[760]. Babylonian and Assyrian female deities are of two classes: those who are merely consorts of the male deities, and those who represent fertility. The first class we may pass over—the goddesses of this class are vague in character and functions and play no important part in the religious system; they appear to be artificial creations of the systematizers. The deities of the second class, however, are important. From a very early time the fertility of nature has been referred appropriately to female Powers, and in the Semitic pantheon a large number of such divinities occur. A deity of this sort naturally becomes a mother-goddess, with all the attributes that pertain to this character; in some cases a mother-goddess becomes supreme.

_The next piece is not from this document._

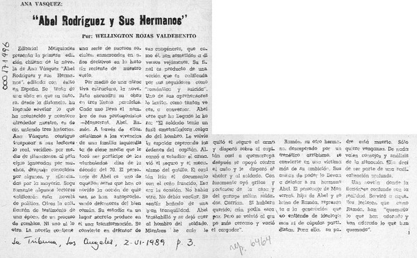 Ana Vásquez, "Abel Rodríguez y sus hermanos" [artículo] Wellington Rojas Valdebenito.

[761]. A very early female divinity is Bau, worshiped particularly at the city Lagash and by King Gudea. Her function as patron of productiveness is probably indicated in the spring festival held in her honor on New Year's Day, in which she is worshiped as the giver of the fruits of the earth. There are several local female deities that seem to be substantially identical in character with Bau. Innanna (or Ninni) in Uruk (Erech) was the mistress of the world and of war, and Nana is hardly to be distinguished from her.[1306] In Agade Anunit has a similar rôle; in Lagash Nina was the determiner of fate, and the mother of the goddesses.

[762]. These names appear to be titles signifying 'mistress,' 'lady,' and this is probably the meaning of the name of the great goddess who finally ousted or absorbed her sisters, Ishtar.[1307] In the earliest form in which Ishtar appears, in the old poetry, she is the deity of fertility; when she goes down to the Underworld all productiveness of plants and men ceases; and her primitive character at this time appears in the account of her marriages with animals, in which there is to be recognized the trace of the old zoölatrous period; but as patron of fertility she becomes in time a great goddess and takes on universal attributes—she is the mother of gods and men, universal protector and guide. Where war was the chief pursuit she became a goddess of war; in this character she appears in Babylonia as early as the time of Hammurabi, and later in Assyria. In the genealogical constructions she was brought into connection, as daughter, wife, or other relation, with any god that the particular conditions suggested. As the Assyrians grew morally she was endowed with all the highest virtues (so in the Penitential Psalms), and occupied so preëminent a position that under favorable circumstances she might perhaps have become the only god of the land.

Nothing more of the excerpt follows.